I've paraphrased the code on to the following:
#Import libraries
library(tidyverse)
library(gtsummary)
library(quantreg)
#Create a reproducible dataset
set.seed(123)
y1 = as_tibble(rexp(10000))
y2 = as_tibble(rnorm(10000) + log(2))
y1$group = "Y1"
y2$group = "Y2"
df = rbind(y1,y2)
#Run wilcox.test manually
wilcox.test(value ~ group, data=df)
#Show using gtsummary
df %>%
tbl_summary(
by = group,
statistic = list(all_continuous() ~ "{median} ({p25}, {p75})",
all_categorical() ~ "{n} / {N} ({p}%)"),
digits = list(all_continuous() ~ c(1,1)),
) %>%
bold_labels() %>%
add_p(pvalue_fun = ~style_pvalue(.x, digits = 2))
#Run a quantile regression, for the median (tau=0.5)
qr <- rq(value ~ group, data=df, tau = 0.5)
qr
#Calculate standard errors using bootstrapping with 100 replications, and respective p-values
set.seed(123)
summary(qr, se="boot", R=100)
from gtsummary.
Maybe I'm misunderstanding the syntax for add_p?
For example, when I attempt to replace wilcoxons test with kolmorov-smirnov, which is called by "ks.test" with identical syntax, the p-value is omitted in the output
df %>%
tbl_summary(
by = group,
statistic = list(all_continuous() ~ "{median} ({p25}, {p75})",
all_categorical() ~ "{n} / {N} ({p}%)"),
digits = list(all_continuous() ~ c(1,1)),
) %>%
bold_labels() %>%
add_p(pvalue_fun = ~style_pvalue(.x, digits = 2),
test = list(all_continuous() ~ "ks.test"))
Similarily, I don't see where you could add parameters to the test-call for example, which would be needed in the case for quantreg (specifying the bootstrap estimator and number of replications)
from gtsummary.
Thanks @spiralparagon for the additional context!

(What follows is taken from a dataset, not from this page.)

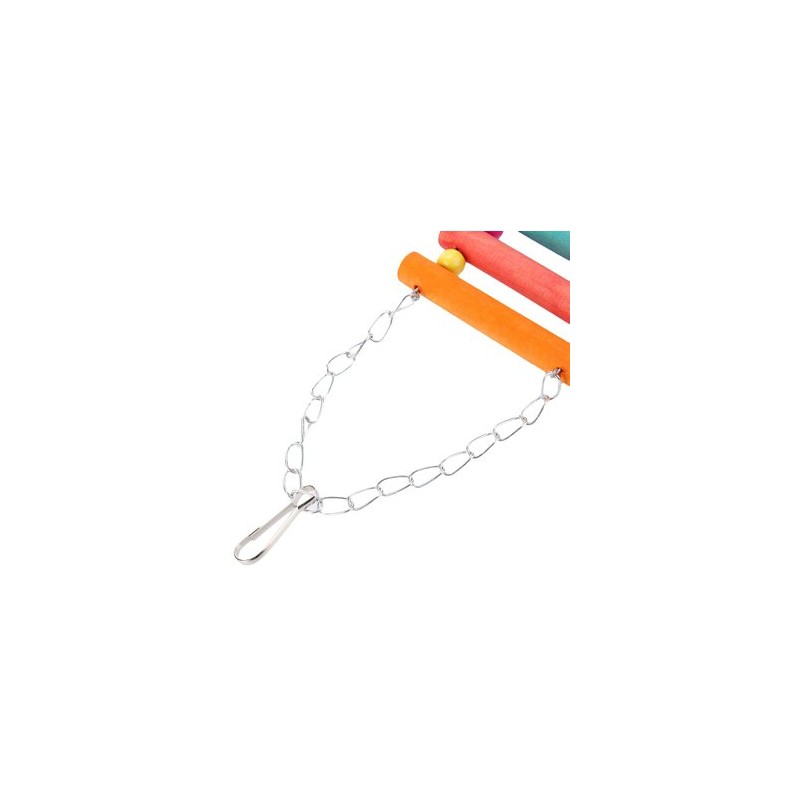 Peso del paquete: 0,117 kg Tamaño del paquete (L x A x A): 19,00 x 14,50 x 1,50 cm / 7,48 x 5,71 x 0,59 pulgadas Contenido del paquete: 1 x Puente Colgante de Pájaro Beaded Swing Cage Hammock de madera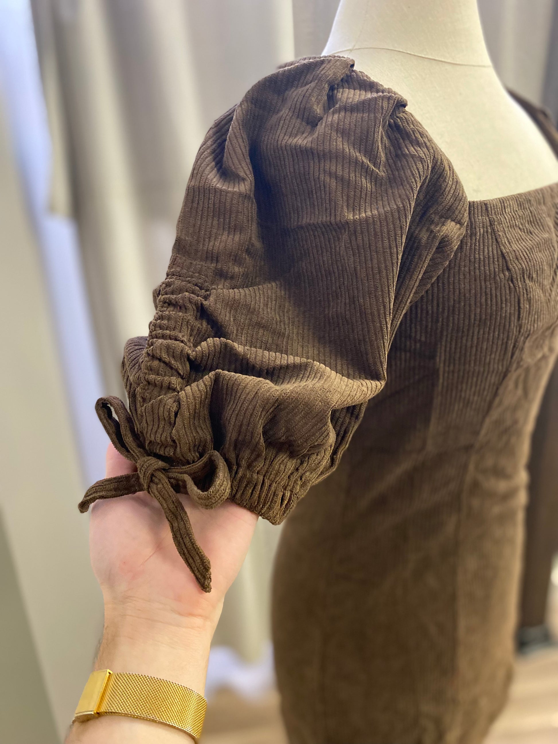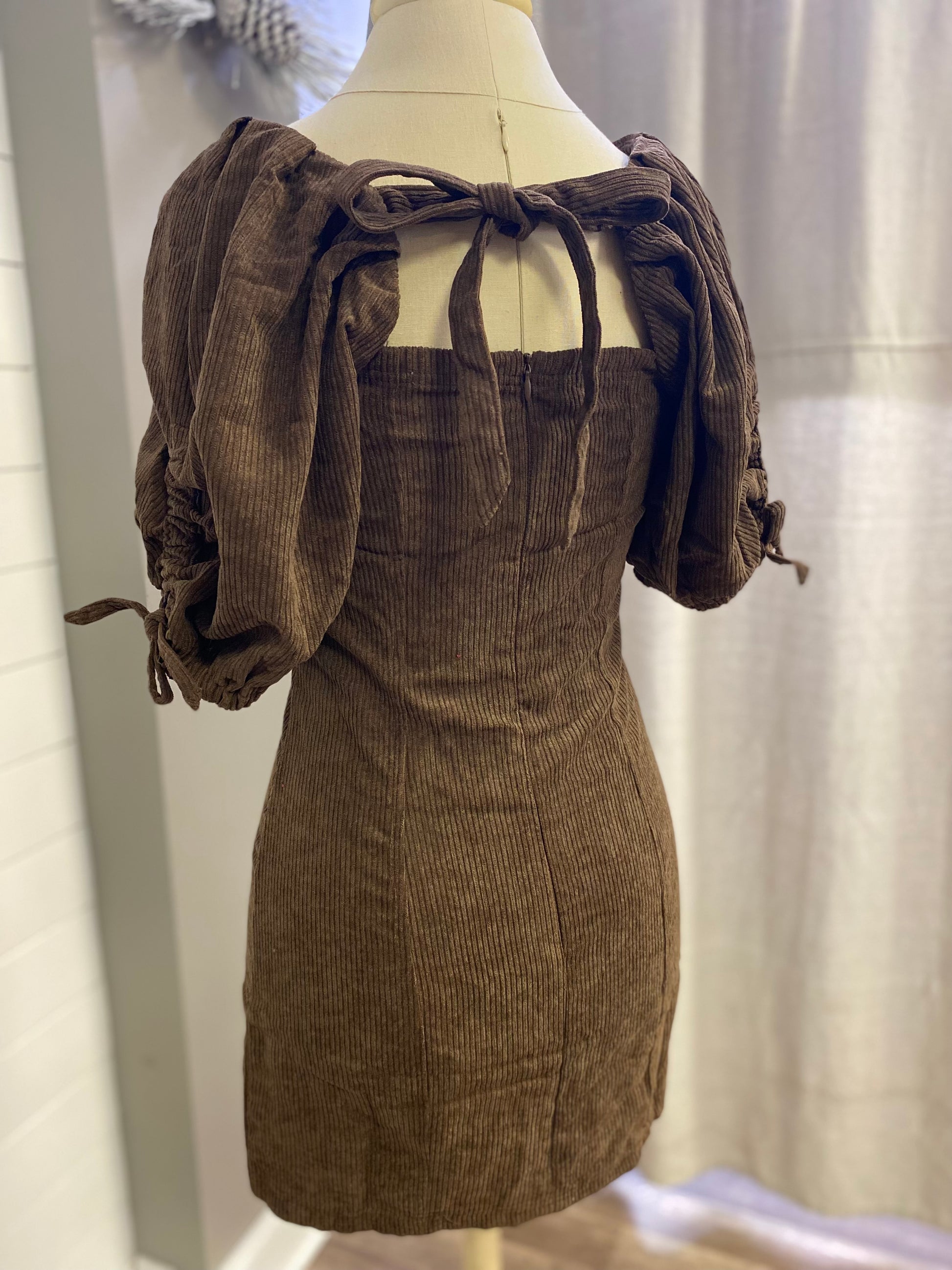 Corduroy Square Neck Puff Sleeve Mini Dress With Ties

Frist, regarding adding a quantile regression test: unfortunately, I don't think we will add it natively in the package as it depends on the {quantreg} package and I don't want to take on more dependencies than we already have. But that doesn't mean you can't include these results in your gtsummary tables. You can include any p-value by creating a custom function: https://www.danieldsjoberg.com/gtsummary/reference/tests.html#custom-functions-1
here's an example:
library(gtsummary)
#> #BlackLivesMatter
add_p_median_reg <- function(data, variable, by, ...) {
# build regression model
quantreg::rq(
reformulate(variable, response = by),
data = data |>
tidyr::drop_na(all_of(c(variable, by))) |>
dplyr::mutate("{by}" := factor(.data[[by]]) |> as.numeric()),
tau = 0.5
) |>
# use summary to get p-value
summary(se = "boot") |>
# format results like you'd see from `broom::tidy()`
purrr::pluck(coefficients) |>
as.data.frame() |>
tail(n = 1) |>
setNames(c("estimate", "std.error", "statistic", "p.value")) |>
dplyr::mutate(method = "Median Regression")
}
add_p_median_reg(mtcars, variable = "mpg", by = "am")
#> estimate std.error statistic p.value method
#> mpg 0.05649718 0.01887302 2.993542 0.005478198 Median Regression
add_p_median_reg(trial, variable = "age", by = "trt")
#> estimate std.error statistic p.value method
#> age 0 0.007789238 0 1 Median Regression
tbl <-
trial |>
tbl_summary(
by = trt,
missing = "no",
include = c(age, marker)
) |>
add_p(test = all_continuous() ~ add_p_median_reg)
Created on 2024-04-06 with reprex v2.1.0
Second, we have not yet included support for the ks.test
(no one has requested it before. Since it's included in the base R, we can include it. To keep things clean, if you'd like, can you request support in a separate issue?
from gtsummary.
Hi Daniel!
Thank you so much for the help. I understand not wanting to increase dependencies and I appreciate your thorough example on how to implement this despite the fact.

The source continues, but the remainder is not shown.